■ Data provided
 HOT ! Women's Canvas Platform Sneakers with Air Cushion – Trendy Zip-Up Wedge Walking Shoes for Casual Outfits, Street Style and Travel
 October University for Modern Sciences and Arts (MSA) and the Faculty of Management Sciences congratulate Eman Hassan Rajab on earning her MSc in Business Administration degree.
...
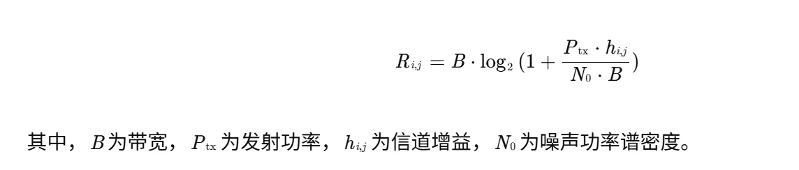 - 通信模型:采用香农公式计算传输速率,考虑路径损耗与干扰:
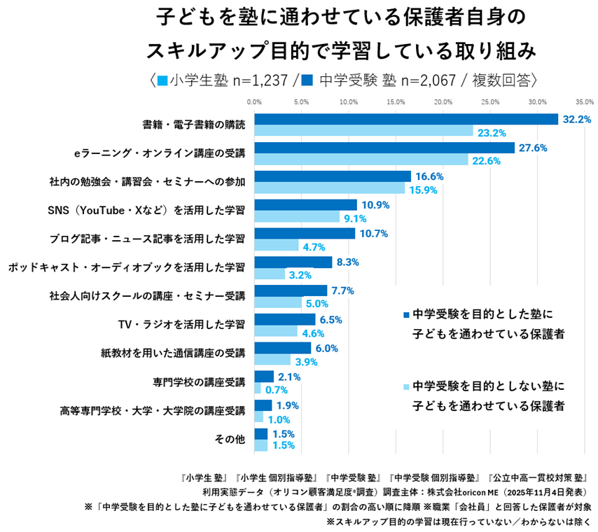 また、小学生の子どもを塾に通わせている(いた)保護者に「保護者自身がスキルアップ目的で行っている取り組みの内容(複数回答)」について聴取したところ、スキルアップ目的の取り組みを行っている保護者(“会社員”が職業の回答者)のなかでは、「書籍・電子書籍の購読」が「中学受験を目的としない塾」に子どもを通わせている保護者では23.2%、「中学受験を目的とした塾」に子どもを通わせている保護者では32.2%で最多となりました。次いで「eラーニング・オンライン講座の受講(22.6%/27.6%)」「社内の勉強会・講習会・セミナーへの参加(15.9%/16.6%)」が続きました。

■ Exercise instructions
Could you set down, exactly as written, the lines above between the one holding "HOT ! Women's" and the one holding "October University for", inclusive, and nothing more?

■ Exercise response
 HOT ! Women's Canvas Platform Sneakers with Air Cushion – Trendy Zip-Up Wedge Walking Shoes for Casual Outfits, Street Style and Travel
 October University for Modern Sciences and Arts (MSA) and the Faculty of Management Sciences congratulate Eman Hassan Rajab on earning her MSc in Business Administration degree.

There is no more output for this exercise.